明希が家出してから一週間経ったが、明希はまだ帰ってこなかった。奏空が明希の実家に連絡してみたが、実家にはいないと言う。

(どこに行っちゃったんだろう・・・)

咲良は不安になったが、どうしようもできない。とりあえずはマンションに美園を連れて帰宅した。

ある日咲良が洗濯物を洗濯機から出して干そうとベランダに行こうとしてギョッとして立ち止まった。美園がベランダの柵のあたりに立っていたのだ。

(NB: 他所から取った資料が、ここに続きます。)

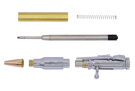 Chrome plated Rifle Bolt action Pen Kits (PEN-8,000 series). This completely cool and irresistibly fun pen will be hard for many hunting or target-shooting enthusiast to put down. Every detail, from the one of a kind bolt action mechanism to the precision engineered components, was carefully designed to ensure uniqueness and reliability. The realistic bolt-action handle smoothly advances and retracts to securely lock the refill in place. Note, Package sales as in single pack.

「美園」と驚かさないように咲良は小声で呼んでから近づいた。ベランダの柵は子供が通れるような隙間はなかったが、何故か咲良の心臓はドクドクと鳴った。

「美園・・・」と咲良は美園を抱きしめた。落ちることはないと思うが、どうやってベランダの窓を開けてここまできたのだろう。

 

奏空が帰宅した夜に咲良は今日のことを言った。

「ベランダの窓が開いてたんじゃないの?」と奏空が美園を抱きながら言う。

「開いてないよ。ちゃんと確認してから行ったもの」

「そうか・・・」と奏空が考えるような顔をした。

「どっちにしても、今度からしっかり鍵も閉めるわ」と咲良は言った。

「そうだね」

そしてそれからは気をつけて、キッチンで食事の支度をしながらチラチラと美園を見ていたのに、ほんの一瞬だけ咲良が目を離したすきに、美園の姿が見えなくなった。

咲良は焦ってリビングを探したが美園はいない。ドアを開けたのだろうかと咲良は廊下に出て寝室に入った。美園が寝室のベッドの上にいる。

「美園?どうやって上ったの?」

ベッドの高さはわりとある。咲良はどうやって美園が上ったのか不思議だった。その日も夜にそのことを奏空に言うと「そうか・・・それはもう目が離せないね」と奏空も言う。

そして明希が家出して三週間が経った。それでも明希は戻ってないと言う。ただ時々利成とラインはしてると言うので咲良はホッとした。

奏空が利成に用事があると言うので、夜に利成のところに美園を連れて咲良も一緒に行った。

利成と奏空が仕事部屋に入ってしまって、美園もミルクを飲みながら寝てしまったので、咲良は手持ち無沙汰になりキッチンを片付けたりした。そんなに汚れてはなかったが、やはり明希がいないとそれなりには片付けが必要な感じだった。

浴室の方に行くと洗濯物が溢れていた。

(えー・・・これ、どうする気だろ・・・)

仕方ないので咲良は溢れている洗濯物をそのまま全部洗濯機に突っ込んだ。それから以前利成が足を悪くしていた時に使っていた部屋に入ってみた。特にその部屋は変わらず片付いていた。その部屋の隅にあるクローゼットが少し開いていたので、咲良は中に入ってそのクローゼットの扉を閉めようとして何気なく上の棚を見た。そこには雑誌のようなものが積まれている。何気なく手を伸ばして取ってみたらそれは週刊誌だった。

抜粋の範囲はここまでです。